The story itself is told nakedly, without straining for metaphor or relevance. In fact, one of the odd things about the movie is that it seems like two separate Nicolas Cage movies playing in parallel: one about an abusive boss taking delight in psychologically torturing a meek underling (prefiguring Neil Butte’s In the Company of Men), and the other about a yuppie with delusions of vampirism. Only near the end of Alva’s storyline do the two plot concepts converge. The relationship between the two themes—corporate sadism and vampirism—is left for the viewer to draw comparisons. Loew is a monster who feeds his own predatory ego at the expense of the weakest member of his staff. Isn’t this the film’s point? Loew realizes his own monstrosity, but is unable to control it, and unable to face the fact that the real cause of his atrocious behavior is his own failure to form intimate relationships. So he invents the vampire story (which casts him as victim rather than victimizer) to justify his suicidal breakdown.
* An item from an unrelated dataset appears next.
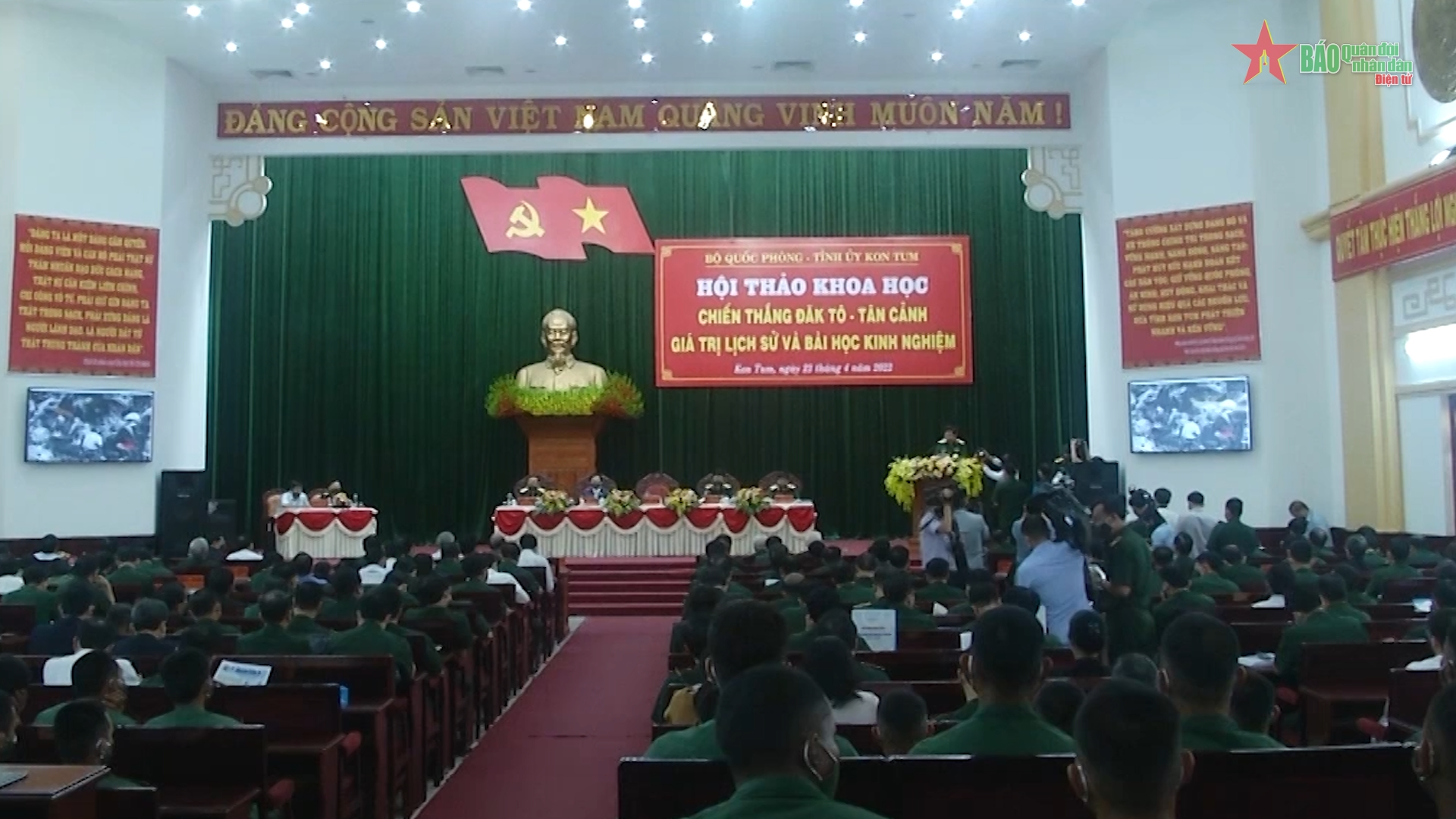 Sáng 22-4, tại thành phố Kon Tum, tỉnh Kon Tum, Bộ Quốc phòng phối hợp với Tỉnh ủy Kon Tum tổ chức Hội thảo khoa học cấp Bộ với chủ đề “Chiến thắng Đăk Tô-Tân Cảnh-Giá trị lịch sử và bài học kinh nghiệm”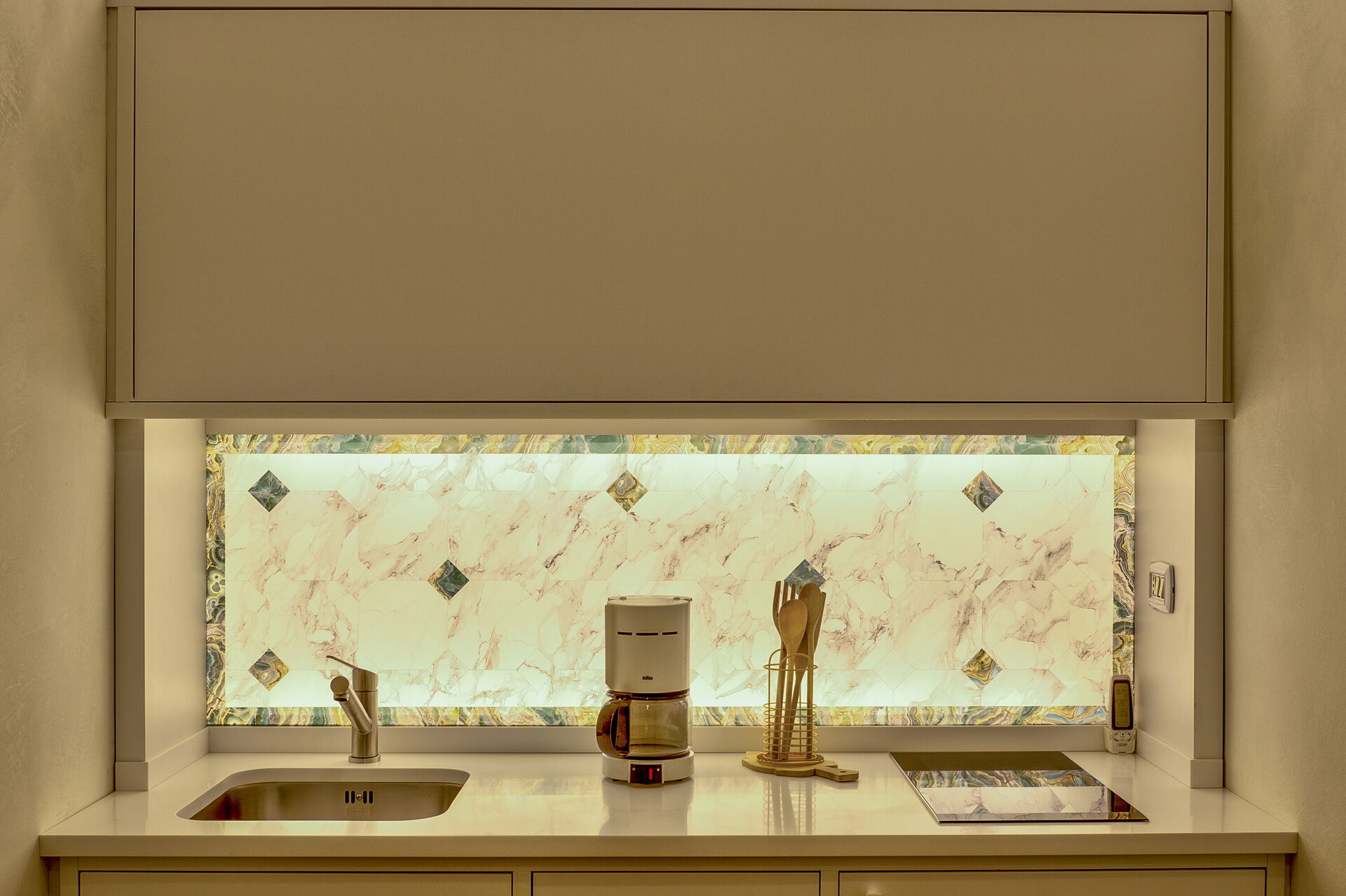 As soon as you enter you will find the first entrance. On the left there is a small kitchen, with a dining table. Continuing from the first entrance, there is a second entrance which leads to the second part of the apartment.

Cage was not a neophyte actor trying to make an impression at the very beginning of his career here. He was coming off a prestigious role as the romantic lead in the mainstream hit Moonstruck. Vampire’s Kiss, along with his equally mannered performance as a hick burglar with Shakespearean diction in the Raising Arizona, gained him the reputation as the greatest ham of his generation. It’s rare when an actor can single-handedly dominate a film, making the script and direction almost irrelevant, but Vampire’s Kiss is completely Cage’s movie. He invented the accent, he demanded to eat the cockroach (the script apparently only called for a raw egg, a vastly inferior substitute for squirming meat a la Renfield). Cage drags novice director Robert Biernan along in his wake, and the film is far more memorable because the actor is not reigned in and is allowed to take the character to the absolute outer limits, far beyond the realms of believability. Vampire’s Kiss stands as a twisted testament to a thespian who has gone further in service of weirdness than any actor of his generation.

WHAT THE CRITICS SAY:

“Written by Joseph Minion, who also wrote Martin Scorsese’s ‘After Hours,’ ‘Vampire’s Kiss’ similarly requires a style as darkly comic and deft as its bizarre premise. Instead, the film is dominated and destroyed by Mr. Cage’s chaotic, self-indulgent performance.”–Caryn James, The New York Times (contemporaneous)

“A bold but ultimately doomed effort that will irritate all but cultists of the bizarre and the most rabid fans of Mr. Cage.”–Angie Errigo, Empire

“Cage always surprises in weird, funny ways… certainly has its tasteless patches, and it may be too kinky and out of the mainstream for devoted horror fans. But it is inventive and clever, a cartoonish metaphor that has bite.”–Mark Chanlon Smith, The Los Angeles Times (VHS)

IMDB LINK: Vampire’s Kiss (1988)

OTHER LINKS OF INTEREST:

47 Things We Learned from Nicolas Cage’s Vampire’s Kiss Commentary – Rob Hunter picks out highlights from Cage and Biernan’s DVD commentary track for Film School Rejects

Vampire’s Kiss (Film) – TV Tropes’s Vampire’s Kiss page is so complete it even contains a link to our List Candidate review

Nicolas Cage Names His Favorite Performances, Bashes Modern Film Criticism – Far from being embarrassed by Vampire’s Kiss, Cage views the role as one of his greatest accomplishments

Vampire’s Kiss Film Locations – A virtual tour of some of the NYC locations used in the film

LIST CANDIDATE: VAMPIRE’S KISS (1988) – This site’s original appraisal of Vampire’s Kiss

DVD INFO: Although fondly remembered by fans, Vampire’s Kiss has always had a hard time finding a home on DVD. It has never been released in it own, but in 2007 MGM paired it with the insultingly bad early Jim Carrey comedy Once Bitten on the “Totally Awesome 80s” double feature DVD (buy). In 2015 Scream Factory released Kiss on Blu-ray together with the comedy High Spirits (buy). Both editions include the same commentary track from Cage and director Robert Bierman. The two releases are identical in content, so the choice comes down to: do you need Vampire’s Kiss on Blu-ray, or are you satisfied with DVD? And, would you rather have Once Bitten or High Spirits as your second feature?